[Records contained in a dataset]
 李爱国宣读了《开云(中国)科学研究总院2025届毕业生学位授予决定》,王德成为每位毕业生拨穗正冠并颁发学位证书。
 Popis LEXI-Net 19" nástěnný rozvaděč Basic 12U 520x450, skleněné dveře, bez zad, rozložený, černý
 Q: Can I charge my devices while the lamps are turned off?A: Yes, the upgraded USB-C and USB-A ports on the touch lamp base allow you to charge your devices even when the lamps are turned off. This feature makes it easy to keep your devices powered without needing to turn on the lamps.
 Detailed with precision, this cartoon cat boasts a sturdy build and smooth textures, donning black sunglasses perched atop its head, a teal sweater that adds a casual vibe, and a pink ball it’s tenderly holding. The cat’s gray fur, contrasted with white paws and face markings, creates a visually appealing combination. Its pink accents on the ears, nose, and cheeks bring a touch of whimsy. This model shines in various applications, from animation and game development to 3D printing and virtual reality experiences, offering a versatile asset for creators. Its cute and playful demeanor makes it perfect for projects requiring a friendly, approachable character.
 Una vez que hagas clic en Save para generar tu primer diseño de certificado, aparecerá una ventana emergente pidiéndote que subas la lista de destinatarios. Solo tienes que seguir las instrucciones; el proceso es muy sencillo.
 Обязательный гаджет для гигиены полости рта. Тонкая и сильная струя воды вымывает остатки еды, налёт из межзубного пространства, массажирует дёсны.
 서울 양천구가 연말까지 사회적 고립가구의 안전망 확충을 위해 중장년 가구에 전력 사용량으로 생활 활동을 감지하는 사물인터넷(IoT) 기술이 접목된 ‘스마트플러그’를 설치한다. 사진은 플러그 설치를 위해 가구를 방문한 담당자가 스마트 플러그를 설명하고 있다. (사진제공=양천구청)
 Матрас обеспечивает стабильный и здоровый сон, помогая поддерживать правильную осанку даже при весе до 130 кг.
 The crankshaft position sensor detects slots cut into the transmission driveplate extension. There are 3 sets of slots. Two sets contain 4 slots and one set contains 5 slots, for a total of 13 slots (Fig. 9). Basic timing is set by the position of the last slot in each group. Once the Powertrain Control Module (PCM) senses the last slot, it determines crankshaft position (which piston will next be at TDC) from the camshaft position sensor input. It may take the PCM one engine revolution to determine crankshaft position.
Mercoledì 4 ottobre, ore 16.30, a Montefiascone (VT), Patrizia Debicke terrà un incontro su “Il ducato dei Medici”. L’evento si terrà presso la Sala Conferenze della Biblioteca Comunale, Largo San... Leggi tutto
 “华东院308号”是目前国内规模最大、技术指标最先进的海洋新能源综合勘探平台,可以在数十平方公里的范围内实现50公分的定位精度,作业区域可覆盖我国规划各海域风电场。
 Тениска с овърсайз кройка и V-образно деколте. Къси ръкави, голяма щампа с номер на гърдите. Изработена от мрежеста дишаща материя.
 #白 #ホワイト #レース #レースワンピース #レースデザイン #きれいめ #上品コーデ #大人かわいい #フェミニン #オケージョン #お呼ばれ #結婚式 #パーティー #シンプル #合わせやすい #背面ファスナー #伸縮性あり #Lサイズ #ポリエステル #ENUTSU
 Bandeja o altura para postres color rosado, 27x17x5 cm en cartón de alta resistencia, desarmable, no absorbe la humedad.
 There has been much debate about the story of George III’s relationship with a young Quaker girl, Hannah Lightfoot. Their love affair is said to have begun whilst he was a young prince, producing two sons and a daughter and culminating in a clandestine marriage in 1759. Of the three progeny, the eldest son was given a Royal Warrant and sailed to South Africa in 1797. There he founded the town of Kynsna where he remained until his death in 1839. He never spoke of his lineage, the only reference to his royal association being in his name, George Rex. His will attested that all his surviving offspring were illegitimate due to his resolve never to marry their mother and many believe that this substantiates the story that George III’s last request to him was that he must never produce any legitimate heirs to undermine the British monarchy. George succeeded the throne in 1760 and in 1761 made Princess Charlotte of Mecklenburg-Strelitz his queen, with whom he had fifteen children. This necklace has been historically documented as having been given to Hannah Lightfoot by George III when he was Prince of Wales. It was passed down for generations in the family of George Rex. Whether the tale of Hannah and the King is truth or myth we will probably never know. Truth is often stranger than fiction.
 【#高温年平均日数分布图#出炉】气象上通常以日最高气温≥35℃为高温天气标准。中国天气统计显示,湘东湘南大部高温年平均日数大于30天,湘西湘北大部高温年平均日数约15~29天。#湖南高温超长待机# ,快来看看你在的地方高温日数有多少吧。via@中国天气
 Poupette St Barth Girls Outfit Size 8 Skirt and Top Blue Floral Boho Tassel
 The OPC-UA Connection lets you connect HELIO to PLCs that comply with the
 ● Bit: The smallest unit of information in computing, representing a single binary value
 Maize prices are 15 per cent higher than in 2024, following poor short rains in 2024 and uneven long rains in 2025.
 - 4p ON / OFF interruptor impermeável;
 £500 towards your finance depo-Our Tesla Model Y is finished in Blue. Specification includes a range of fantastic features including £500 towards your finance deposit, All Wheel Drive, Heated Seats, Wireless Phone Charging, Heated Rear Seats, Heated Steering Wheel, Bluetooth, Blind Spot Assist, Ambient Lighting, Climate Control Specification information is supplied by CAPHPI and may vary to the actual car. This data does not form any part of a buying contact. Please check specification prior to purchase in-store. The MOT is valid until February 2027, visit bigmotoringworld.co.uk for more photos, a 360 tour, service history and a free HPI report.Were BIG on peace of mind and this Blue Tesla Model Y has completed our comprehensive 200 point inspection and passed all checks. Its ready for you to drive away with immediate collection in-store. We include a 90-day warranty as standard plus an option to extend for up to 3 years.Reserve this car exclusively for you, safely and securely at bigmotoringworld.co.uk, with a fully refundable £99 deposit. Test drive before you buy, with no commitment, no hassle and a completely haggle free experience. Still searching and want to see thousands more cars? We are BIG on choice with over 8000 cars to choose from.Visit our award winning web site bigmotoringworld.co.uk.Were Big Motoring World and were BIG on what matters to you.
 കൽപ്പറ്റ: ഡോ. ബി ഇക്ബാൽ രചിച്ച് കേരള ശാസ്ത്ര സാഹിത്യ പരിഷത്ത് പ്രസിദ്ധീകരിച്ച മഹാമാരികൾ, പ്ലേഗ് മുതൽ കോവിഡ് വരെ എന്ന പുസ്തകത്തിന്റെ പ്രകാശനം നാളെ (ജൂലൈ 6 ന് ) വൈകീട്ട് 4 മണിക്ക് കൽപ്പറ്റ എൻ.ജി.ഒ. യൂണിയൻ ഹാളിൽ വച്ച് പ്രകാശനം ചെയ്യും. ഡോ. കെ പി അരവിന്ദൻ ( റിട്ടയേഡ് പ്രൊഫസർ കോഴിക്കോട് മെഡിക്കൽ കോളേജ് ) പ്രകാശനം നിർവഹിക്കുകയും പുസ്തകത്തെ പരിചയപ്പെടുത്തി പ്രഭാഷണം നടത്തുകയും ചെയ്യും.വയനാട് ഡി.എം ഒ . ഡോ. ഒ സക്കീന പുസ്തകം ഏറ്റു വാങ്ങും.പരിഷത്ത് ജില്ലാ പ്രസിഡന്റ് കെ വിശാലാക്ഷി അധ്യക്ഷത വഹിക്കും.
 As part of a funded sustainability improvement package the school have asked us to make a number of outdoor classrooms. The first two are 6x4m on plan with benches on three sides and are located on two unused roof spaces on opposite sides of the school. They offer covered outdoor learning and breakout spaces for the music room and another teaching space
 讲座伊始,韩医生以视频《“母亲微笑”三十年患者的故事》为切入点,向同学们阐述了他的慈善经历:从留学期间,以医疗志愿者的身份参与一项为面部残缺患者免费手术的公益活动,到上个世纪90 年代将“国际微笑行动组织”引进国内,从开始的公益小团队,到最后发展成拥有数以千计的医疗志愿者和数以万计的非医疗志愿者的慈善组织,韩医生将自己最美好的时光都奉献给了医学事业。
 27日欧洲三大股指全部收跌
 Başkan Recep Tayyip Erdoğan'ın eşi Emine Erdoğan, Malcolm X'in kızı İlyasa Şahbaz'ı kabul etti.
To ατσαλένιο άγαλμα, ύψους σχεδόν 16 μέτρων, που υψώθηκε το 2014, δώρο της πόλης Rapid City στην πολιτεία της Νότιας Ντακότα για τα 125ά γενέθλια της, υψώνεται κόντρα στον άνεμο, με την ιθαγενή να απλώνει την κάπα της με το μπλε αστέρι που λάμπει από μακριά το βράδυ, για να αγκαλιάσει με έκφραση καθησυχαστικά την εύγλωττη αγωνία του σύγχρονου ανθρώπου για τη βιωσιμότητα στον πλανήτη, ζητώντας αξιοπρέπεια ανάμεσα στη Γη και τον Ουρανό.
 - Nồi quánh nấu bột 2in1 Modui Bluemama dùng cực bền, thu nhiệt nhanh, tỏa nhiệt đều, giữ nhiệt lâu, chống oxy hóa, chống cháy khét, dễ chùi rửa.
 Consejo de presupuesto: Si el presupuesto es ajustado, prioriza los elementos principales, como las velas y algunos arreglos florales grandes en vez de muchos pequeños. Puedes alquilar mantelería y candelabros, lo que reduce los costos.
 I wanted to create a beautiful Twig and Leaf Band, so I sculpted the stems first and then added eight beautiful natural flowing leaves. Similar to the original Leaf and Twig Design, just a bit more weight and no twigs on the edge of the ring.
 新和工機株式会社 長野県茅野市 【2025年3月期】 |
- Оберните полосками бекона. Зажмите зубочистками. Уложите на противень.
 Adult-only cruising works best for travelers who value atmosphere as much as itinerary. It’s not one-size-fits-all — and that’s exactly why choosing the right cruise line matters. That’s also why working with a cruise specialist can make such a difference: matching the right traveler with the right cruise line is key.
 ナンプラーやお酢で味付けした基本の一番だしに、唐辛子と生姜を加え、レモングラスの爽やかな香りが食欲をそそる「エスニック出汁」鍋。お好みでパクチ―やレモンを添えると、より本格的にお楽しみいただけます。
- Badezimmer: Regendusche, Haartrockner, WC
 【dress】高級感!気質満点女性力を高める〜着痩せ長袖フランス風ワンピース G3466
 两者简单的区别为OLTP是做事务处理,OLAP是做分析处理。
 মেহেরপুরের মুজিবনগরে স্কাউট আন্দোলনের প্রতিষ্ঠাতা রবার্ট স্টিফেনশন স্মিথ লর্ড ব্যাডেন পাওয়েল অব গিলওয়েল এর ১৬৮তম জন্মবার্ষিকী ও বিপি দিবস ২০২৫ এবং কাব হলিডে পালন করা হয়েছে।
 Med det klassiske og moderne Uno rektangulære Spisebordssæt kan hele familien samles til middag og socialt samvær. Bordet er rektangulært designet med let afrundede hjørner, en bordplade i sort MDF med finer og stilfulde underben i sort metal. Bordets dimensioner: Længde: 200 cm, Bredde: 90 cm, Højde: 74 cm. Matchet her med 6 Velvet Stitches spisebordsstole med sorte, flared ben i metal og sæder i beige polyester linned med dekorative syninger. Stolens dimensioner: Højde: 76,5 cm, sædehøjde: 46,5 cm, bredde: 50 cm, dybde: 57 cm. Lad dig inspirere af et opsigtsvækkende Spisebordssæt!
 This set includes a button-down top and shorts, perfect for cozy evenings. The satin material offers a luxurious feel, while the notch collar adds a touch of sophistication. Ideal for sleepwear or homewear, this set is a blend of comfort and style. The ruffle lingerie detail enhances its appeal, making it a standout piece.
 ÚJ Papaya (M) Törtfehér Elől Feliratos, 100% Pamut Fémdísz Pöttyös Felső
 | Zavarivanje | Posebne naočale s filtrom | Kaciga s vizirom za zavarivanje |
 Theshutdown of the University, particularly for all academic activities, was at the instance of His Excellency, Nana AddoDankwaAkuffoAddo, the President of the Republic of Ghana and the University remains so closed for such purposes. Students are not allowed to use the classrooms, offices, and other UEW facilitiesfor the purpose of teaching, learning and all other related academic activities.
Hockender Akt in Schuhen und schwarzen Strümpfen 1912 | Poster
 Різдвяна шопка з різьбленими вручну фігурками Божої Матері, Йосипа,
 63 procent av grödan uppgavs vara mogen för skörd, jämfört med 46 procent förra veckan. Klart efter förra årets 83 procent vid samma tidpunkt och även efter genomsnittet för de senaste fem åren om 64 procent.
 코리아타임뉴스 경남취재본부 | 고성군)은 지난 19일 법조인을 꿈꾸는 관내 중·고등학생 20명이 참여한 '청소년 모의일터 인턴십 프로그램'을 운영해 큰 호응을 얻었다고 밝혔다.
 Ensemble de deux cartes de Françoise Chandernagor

PROBLEM TO WORK ON:
Each line above that contains the string "value" should be identified and copied.

EXERCISE SOLUTION:
 ● Bit: The smallest unit of information in computing, representing a single binary value
 Adult-only cruising works best for travelers who value atmosphere as much as itinerary. It’s not one-size-fits-all — and that’s exactly why choosing the right cruise line matters. That’s also why working with a cruise specialist can make such a difference: matching the right traveler with the right cruise line is key.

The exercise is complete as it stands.